▶ **What is being asked**: The answer is to be an exact copy of the lines below running from the line with "続いてPC用メモリ2枚110円。ありそうでないDDRの1GB2枚です。" down to the line with "Plus Size Halloween", both ends included, and nothing more.

▶ **Supplied information**:
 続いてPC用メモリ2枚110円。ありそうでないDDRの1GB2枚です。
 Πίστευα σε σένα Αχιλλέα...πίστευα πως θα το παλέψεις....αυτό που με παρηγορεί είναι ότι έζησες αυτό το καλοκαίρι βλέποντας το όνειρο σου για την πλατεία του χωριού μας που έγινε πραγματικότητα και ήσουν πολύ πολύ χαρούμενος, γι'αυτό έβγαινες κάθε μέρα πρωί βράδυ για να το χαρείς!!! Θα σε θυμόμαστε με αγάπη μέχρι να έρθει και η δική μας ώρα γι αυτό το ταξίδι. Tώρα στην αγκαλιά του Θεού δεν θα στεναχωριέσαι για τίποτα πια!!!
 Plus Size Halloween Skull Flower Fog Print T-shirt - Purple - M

--

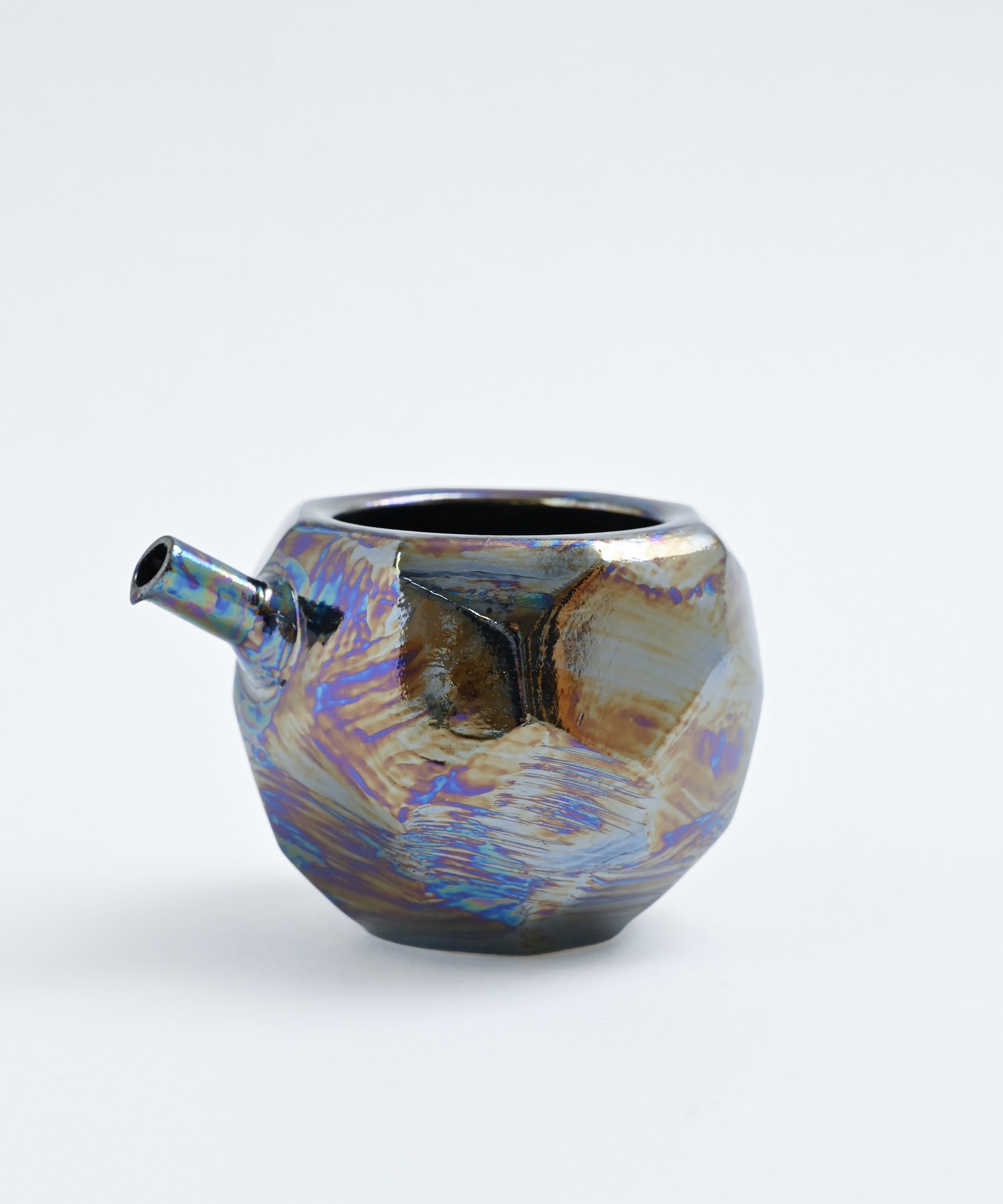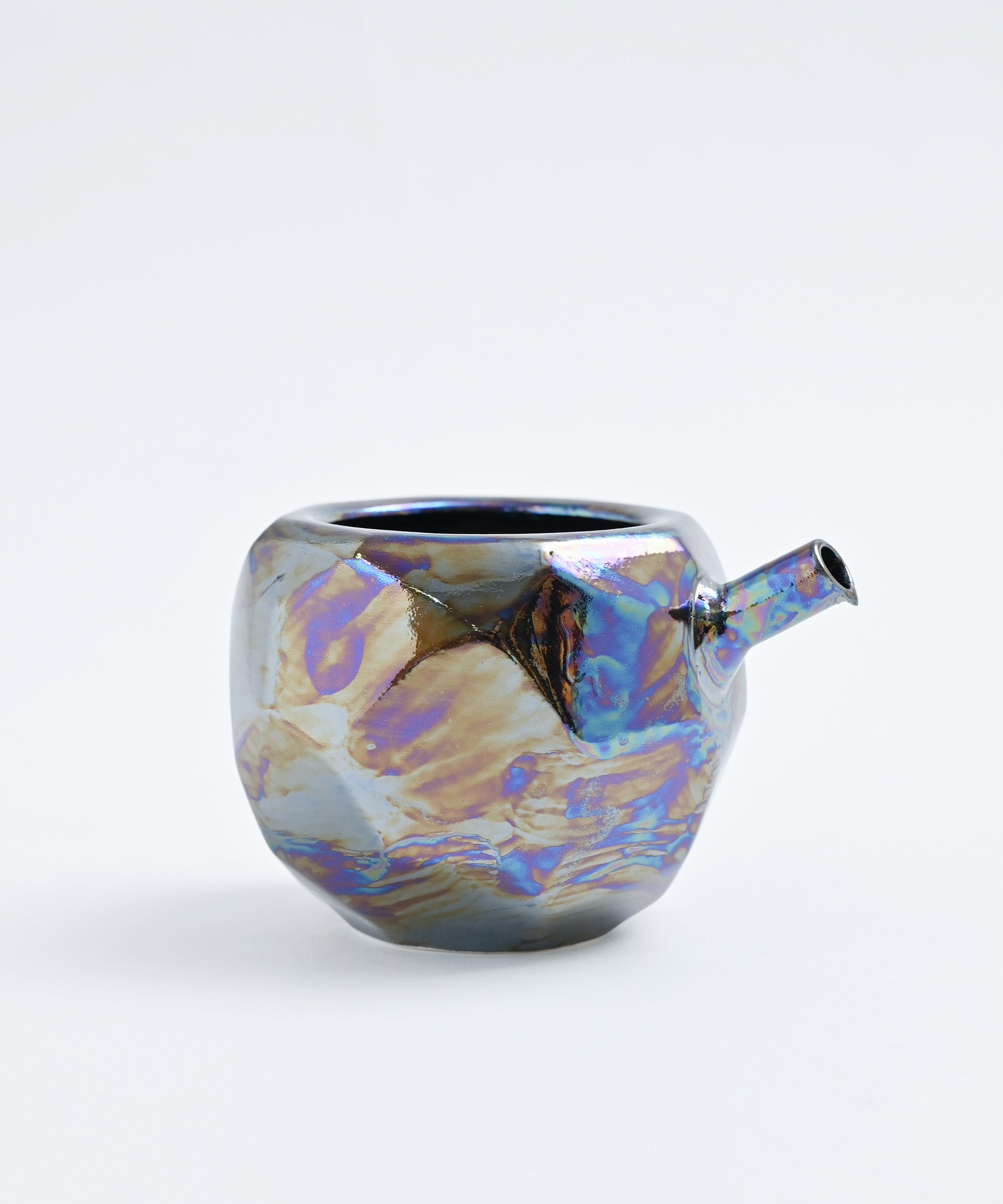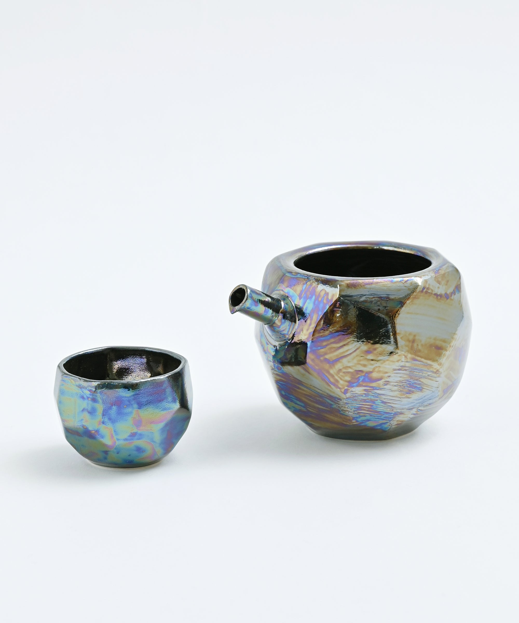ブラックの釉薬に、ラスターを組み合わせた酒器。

---

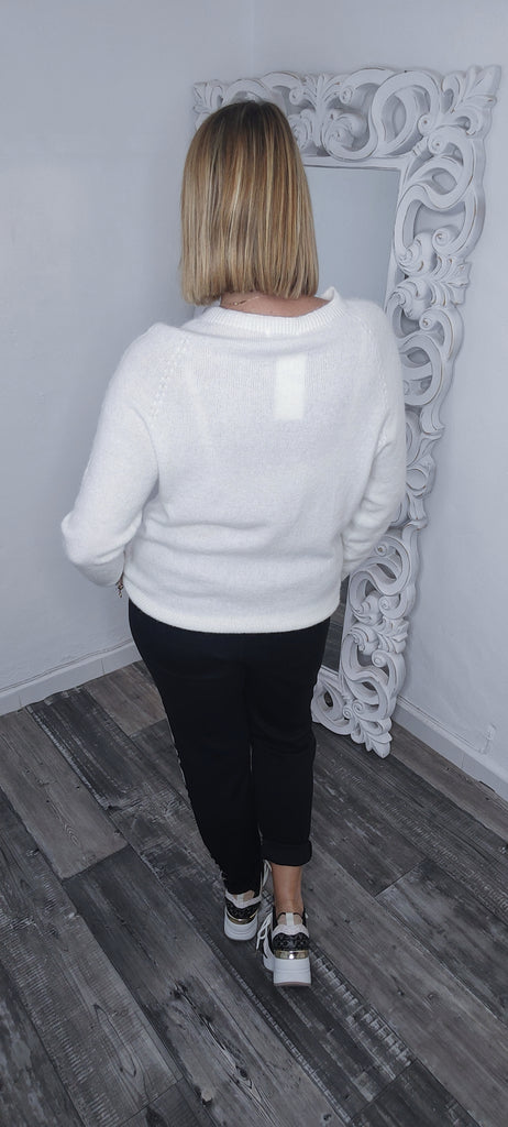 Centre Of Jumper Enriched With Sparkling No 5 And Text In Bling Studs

▶ **Written response**:
 続いてPC用メモリ2枚110円。ありそうでないDDRの1GB2枚です。
 Πίστευα σε σένα Αχιλλέα...πίστευα πως θα το παλέψεις....αυτό που με παρηγορεί είναι ότι έζησες αυτό το καλοκαίρι βλέποντας το όνειρο σου για την πλατεία του χωριού μας που έγινε πραγματικότητα και ήσουν πολύ πολύ χαρούμενος, γι'αυτό έβγαινες κάθε μέρα πρωί βράδυ για να το χαρείς!!! Θα σε θυμόμαστε με αγάπη μέχρι να έρθει και η δική μας ώρα γι αυτό το ταξίδι. Tώρα στην αγκαλιά του Θεού δεν θα στεναχωριέσαι για τίποτα πια!!!
 Plus Size Halloween Skull Flower Fog Print T-shirt - Purple - M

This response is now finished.